39.
Die Ratlosigkeit wurde plötzlich von einem Miauen unterbrochen, dann steckte Garfield sein grantiges Gesicht ins Wohnzimmer. So guckte er immer, wenn ihn jemand beim Schlafen gestört hatte, also schien unsere hitzige Diskussion von eben ziemlich laut gewesen zu sein. Sobald er jedoch die beiden Stegis erblickte, schlug er sich scheinbar fassungslos seine Pfoten auf die Ohren und begann, seltsame Geräusche von sich zu geben. Er war genauso verwirrt wie wir. Aber Leo musste das Erscheinen des Katers ein noch größeres Rätsel aufgeben. "Hä?! Wie kommt Bastet hier her?", fragte er geschockt, stand auf und ging los, um Garfield zu uns zu holen. "Bastet? Da musst du jemanden verwechseln, das ist Garfield", warf ich ein. Wer war denn jetzt schon wieder Bastet und warum war das so schockierend für Leo?
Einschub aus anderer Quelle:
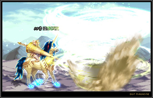 십자 베기 후 날아올라 천마 페가수스에 탑승 후 지상의 적을 강타하여 멸한다. |

Der orangene Flauschball schnupperte in die Richtung des fremden Nekos und ich war der festen Überzeugung, dass er mit Fauchen und Kratzen reagieren würde wie schon auf Stegi damals. Aber ich täuschte mich, er begann zu schnurren, sich an ihm zu reiben und ließ sich dann auch bereitwillig von ihm hochheben. Ich verstand die Welt nicht mehr...
"Garfield sagst du? Hmm, das ist seltsam... Sag mal Tim, hast du je irgendetwas bemerkt, dass er sich von anderen Katzen unterscheidet? Dass er sehr clever ist, zum Beispiel?"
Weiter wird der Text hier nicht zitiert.